As much as Lichtenfeld enjoyed his competitive athletics, he was forced to face the brutal realization that fighting skills honed in an arena provide one with little protection when involved in a real fight. This fact was driven home by the increasing anti-Semitic violence of the 1930s in Slovakia. Riots broke out, and Lichtenfeld found himself leading a self-defense squad made up of young athletes. It was both a humbling and motivating experience.
As the Nazi conquest of Europe progressed, Lichtenfeld headed for British Mandate Palestine, which he had visited once before for the 1935 Maccabia Games. The Aliyah Bet riverboat (the Pentcho) on which he traveled was shipwrecked on the Greek Dodecanese Islands. Instead of going to Palestine, Lichtenfeld fought in North Africa with the Free Czech Legion and only reached Palestine in 1944.
Throughout these years, Lichtenfeld had been developing his unique self-defense martial arts known as Krav Maga (literally "fight contact"). In Palestine, he immediately began training elite units in the Hagana and Palmach. In 1948, after the creation of the state of Israel, Lichtenfeld was named Chief Instructor for Physical Fitness and Krav Maga. For 20 years he taught the young soldiers of Israel. When he retired in 1964, he developed a civilian version of Krav Maga.

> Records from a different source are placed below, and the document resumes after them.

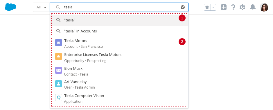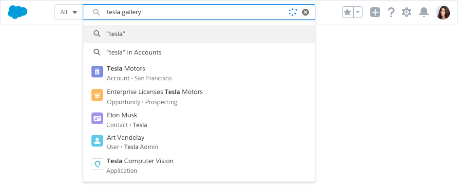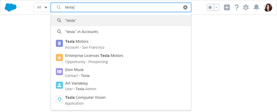 When your users execute a search, we query objects based on personalized usage and intelligent prediction. Those results are returned on a "Top Results" page that groups results together, making it easy to scan relevant results of different record types.
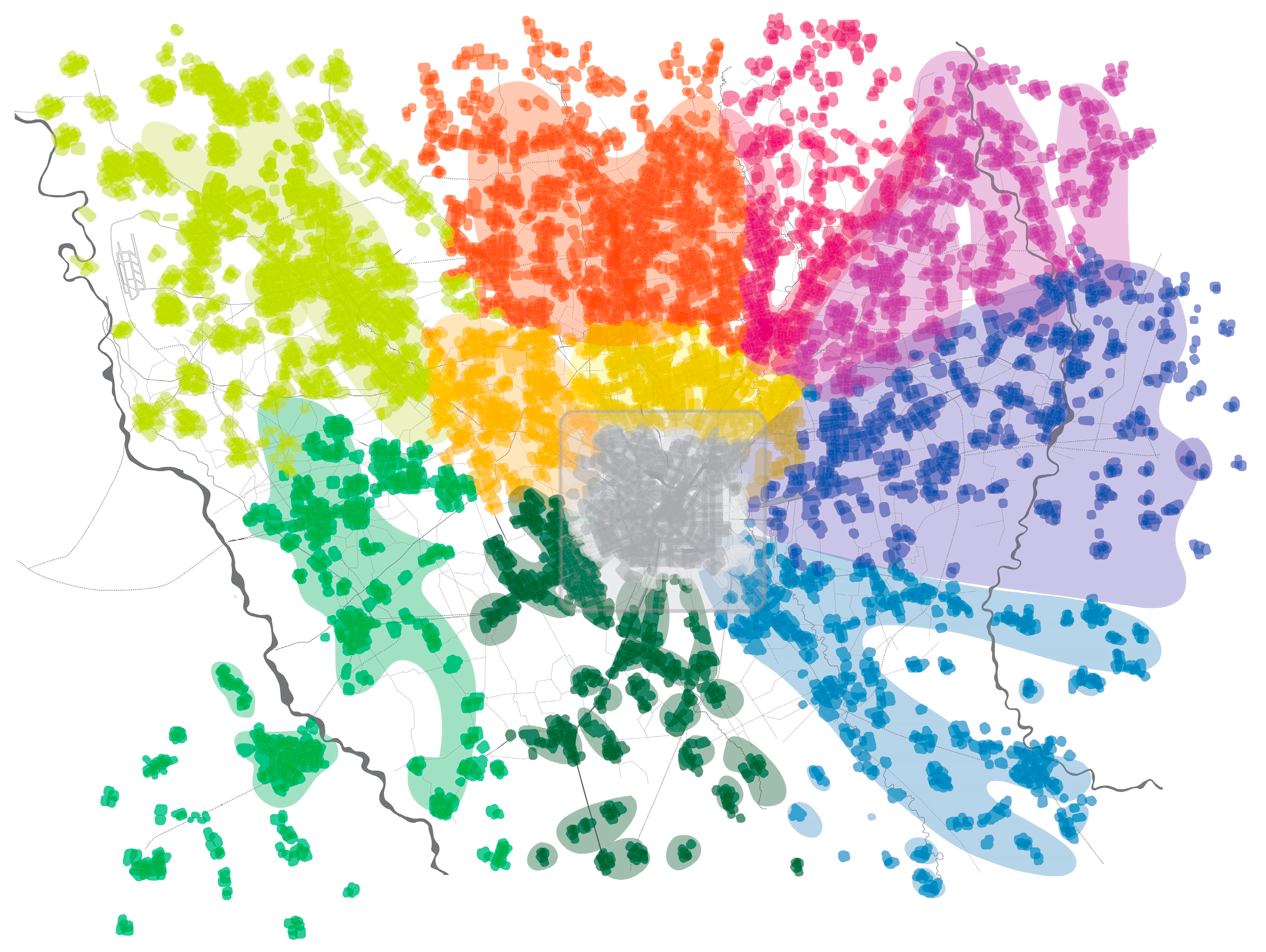 These characteristics undermine urban planning that is intended to revolve around the notion of the neighborhood, especially when the aim is to recognize a relationship of identity correspondence with a supposed stable community. What emerges in the use of regional space of the urban are rather ‘communities of practices’ [
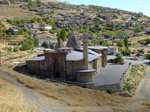 図10 ディブリーの大モスクと病院(1229年)。大モスク(写真手前)は、北辺中央と西辺に入口をもち、北西部に円形のミナレットを立てる。間口5間奥行5間ながら、異なるスパンにピアを並べ、実際には南北に長い建物である。中央ベイを明り取り窓とし、ミフラーブ前の正方形ベイにドームを載せ、その外側には8角錐状の屋根を架ける(写真中央)。一方、病院は大モスクの南側に続き、西側に入口をもち(写真右奥)、中庭となる中央部分に4本の柱を立て屋根をかけ、東にイーワーン、南北辺に小室を2層に配置した2イーワーン式のようなプランで、北東部の一室を墓とする(写真左側の8角錐屋根)。

While Krav Maga is considered a martial art, it is taught on different levels - more and less dangerous. One can easily kill with Krav Maga, but that is against the nature of the art. Lichtenfeld's primary goal was extreme self defense, to allow one who is attacked to disable his assailant as quickly and as efficiently as possible.
Imri Lichtenfeld passed away on January 9, 1998.